After I posted about how so many comedians are disappointing people, I found that Abbey had written about Neil Gaiman and how you shouldn’t have heroes except Gaiman seems to be living up to expectations.
“Don’t have heroes” is a huge important philosophical axiom for me, born out of long sad experience that it isn’t safe to have them. Once upon a time, I liked Harry Potter; I liked Father Ted and The IT Crowd. I thought the latter was particularly interesting as a learnable style of humor. We know how those turned out. But those are extreme author behaviors and minor influences. Back in the day, I was a huge fan of Firefly and it still holds a place in my heart (and thereby writing); I used to consider Joss Whedon the pinnacle influence for screenwriting, and sought to be like him… before we found out that the “him” I would have wanted to be like was mostly PR vapor and he was the usual kind of abusive douche that all men with a grain of power in Hollywood seem to be. But I can’t shake it with Gaiman, because he keeps living up to it, the bastard.
Jinx, jinx, JINX! I’m not usually this superstitious, but the pattern of people we thought good collapsing as their clay feet slump into goo is so consistent that I think we need to keep the pressure on. Don’t praise him.
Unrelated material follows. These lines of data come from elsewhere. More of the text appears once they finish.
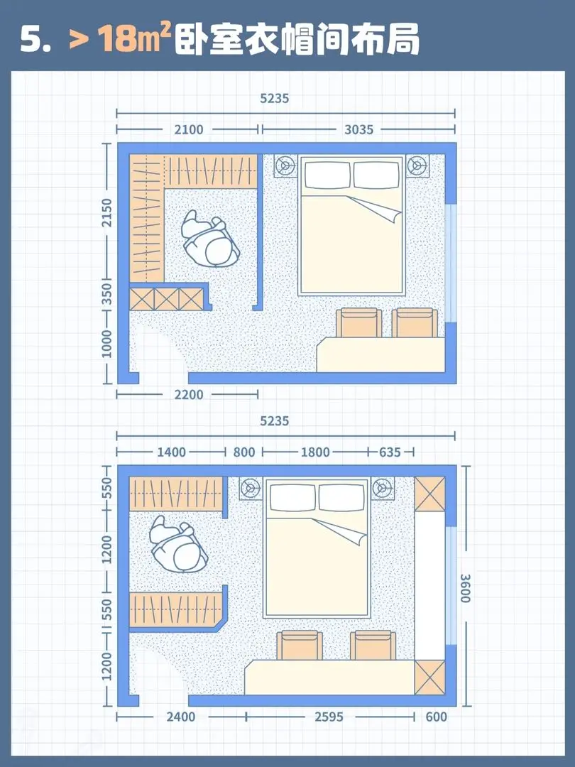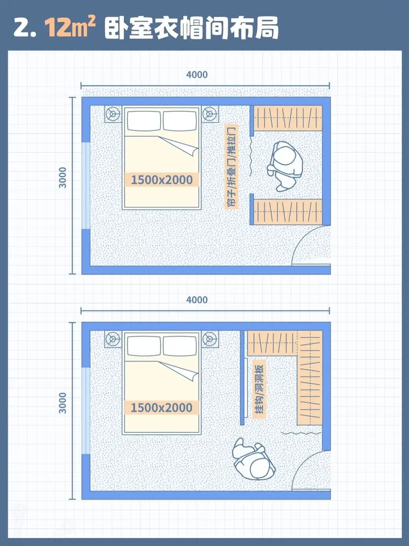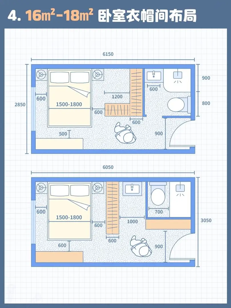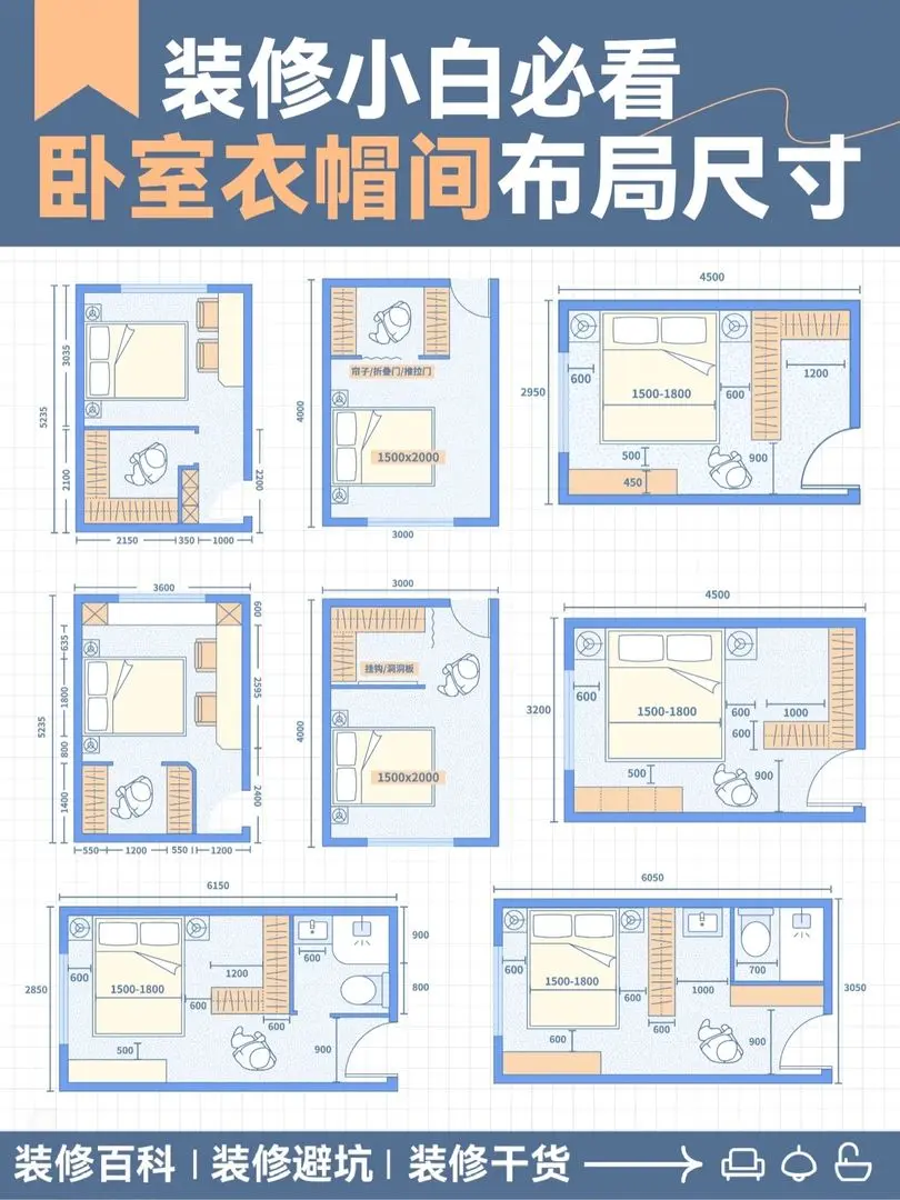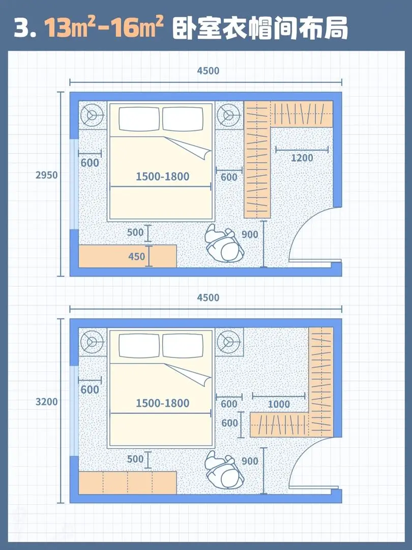 一个卧室放下床,留出一个过道和床头柜的距离大概需要6.5平米,如果再加一个小衣帽间,至少是9㎡。假如卧室小于9平米还想放衣帽间,可以考虑在层高上下功夫,通过抬高床架,设计迷你衣帽间。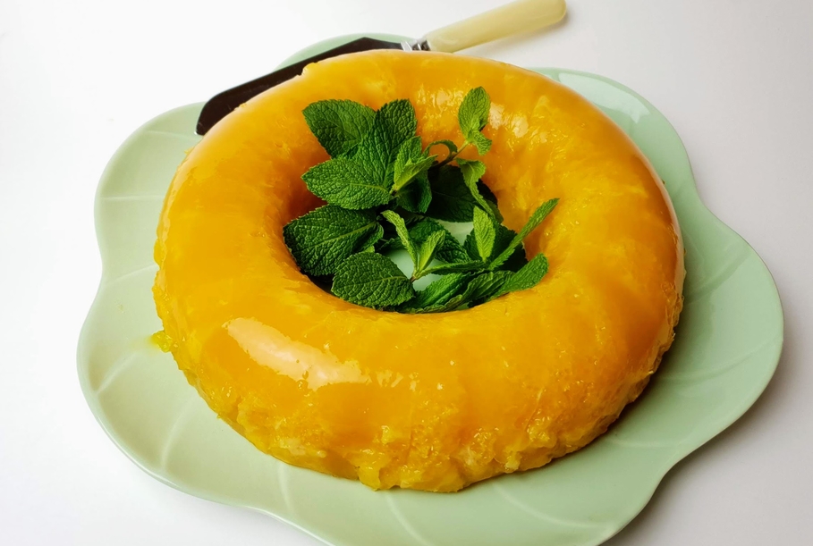• Aspic d’oranges De belles oranges amalgamées les unes aux autres grâce à une gelée. La recette mentionne du sucre, facile à retirer, du moment que les oranges sont bonnes.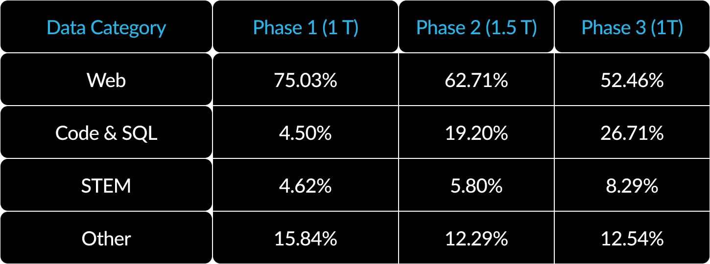 3)以企业为中心的数据课程:在代码生成和SQL等企业指标方面表现出色,需要的数据课程与通用指标的训练模型截然不同。在数百次小规模消融中,我们了解到,在开始时可以学习常识推理等通用技能,而编码、数学和 SQL 等更复杂的指标可以在培训的后期有效学习。人们可以类比人类的生活和教育,在人类生活和教育中,我们获得了从简单到困难的能力。因此,Arctic 接受了三阶段课程的培训,每个阶段都有不同的数据构成,第一阶段侧重于通用技能(1T tokens),后两个阶段侧重于以企业为中心的技能(1.5T 和 1T tokens)。这里显示了我们动态课程的高级摘要。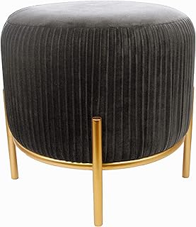 Zedelmaier Runder Sitzhocker Schminktisch Hocker Ottoman Gepolsterter Hocker Metallstütze Grau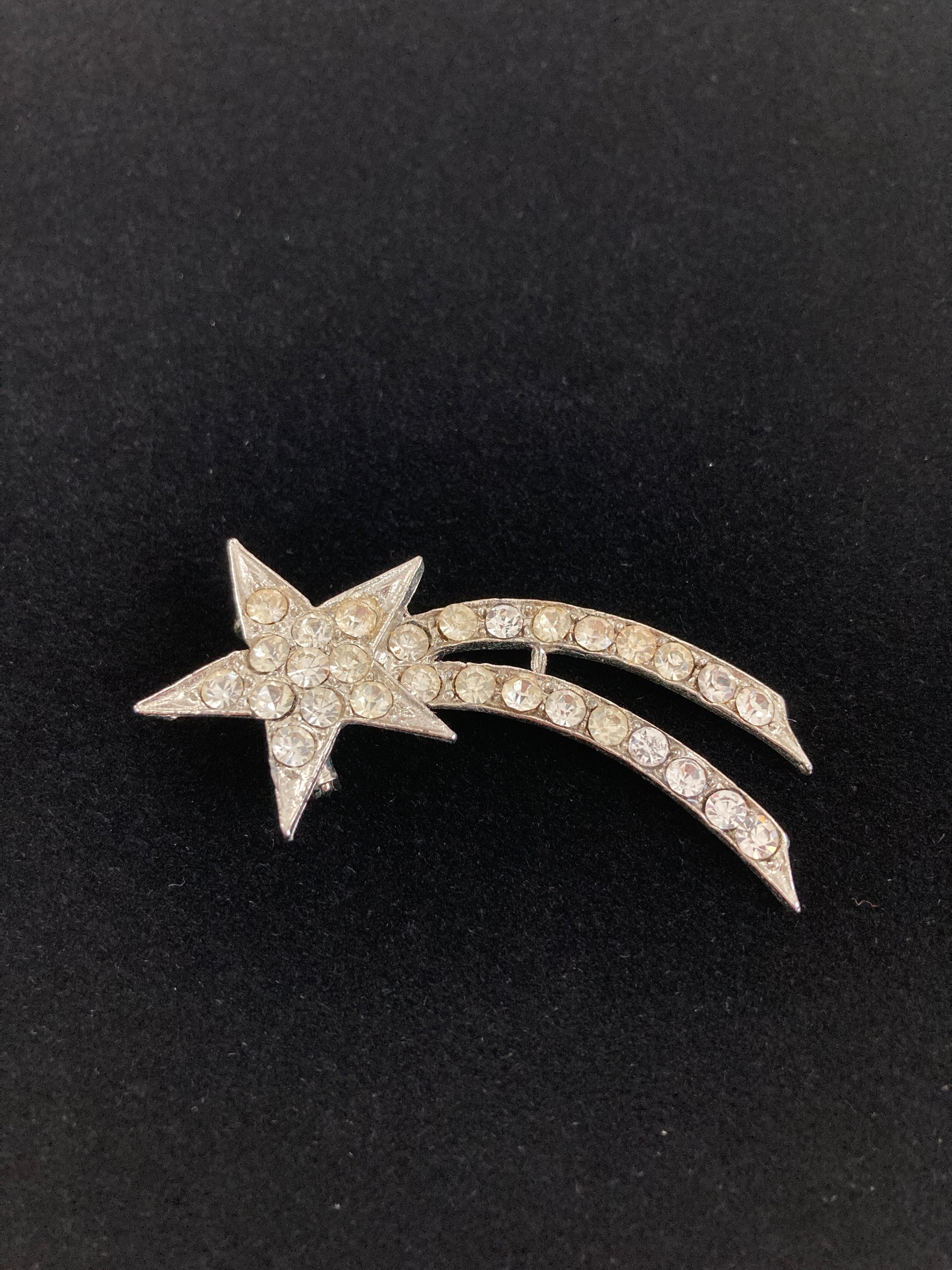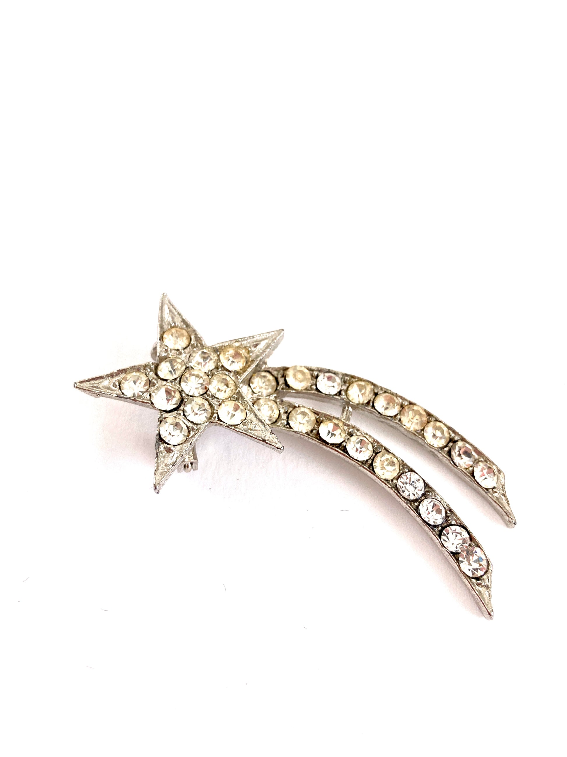 Here's a fun sparkly brooch that would look great on a hat or lapel. A five-pointed star with two long tails all done in silver-tone metal and crystal clear rhinestones. It's unmarked but is set on a solid molded backing with a small pin clasp on the back of the star.
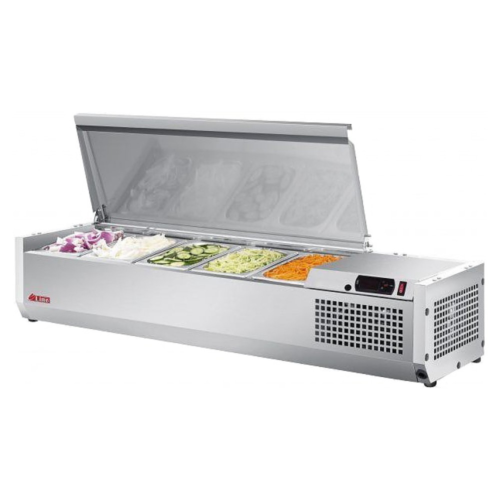 Настольная холодильная витрина Turbo air CTST-1200 используется на предприятиях общественного питания и торговли для демонстрации и кратковременного хранения ингредиентов, салатов и готовых блюд в гастроемкостях. Модель оснащена цифровым дисплеем температуры на передней панеле и компрессором с боковым креплением. Корпус и крышка выполнены из нержавеющей стали, ножки из ABS-пластика, изоляция - из полиуретана высокой плотности.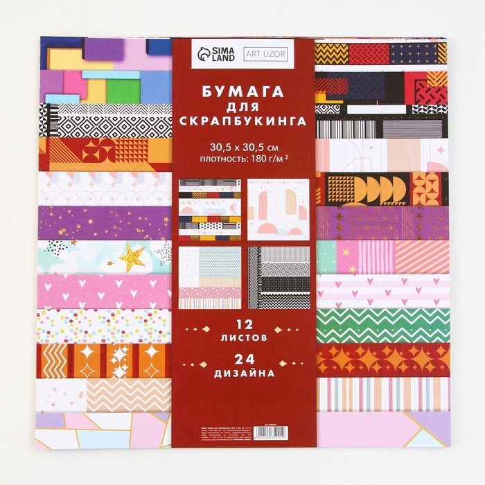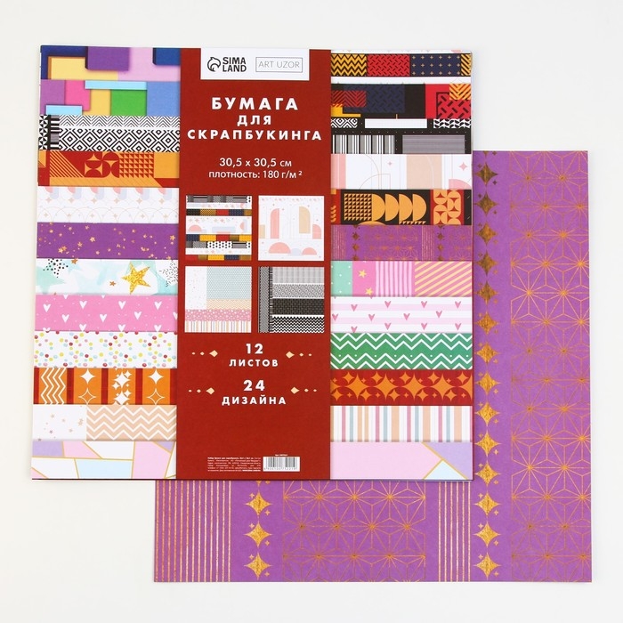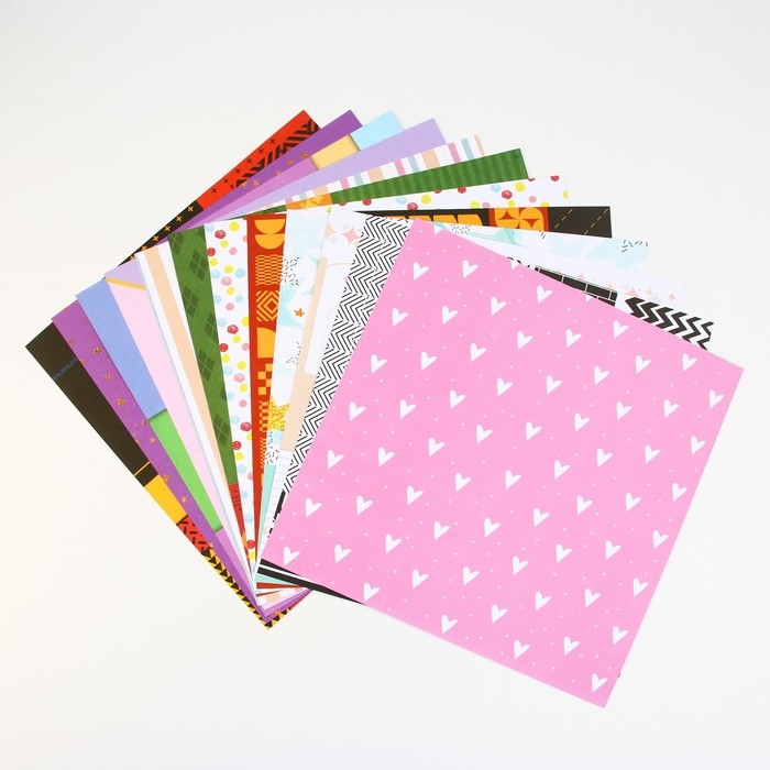 Набор бумаги для скрапбукинга «Яркая геометрия», 12 листов, 30.5 х 30.5 см, 180 г/м²

Give him nothing but squinky-eyed looks. Make sure he knows you have a big knife hanging on your belt, and when (not if, WHEN) he slips up, you’ll be there ready to go all sewing machine on his kidneys. It is the way. It is the only way. Fear will keep him on the straight and narrow.
That shouldn’t be a problem, it shouldn’t be at all discouraging to Neil. It’s not as if anyone should be behaving well for praise, you know.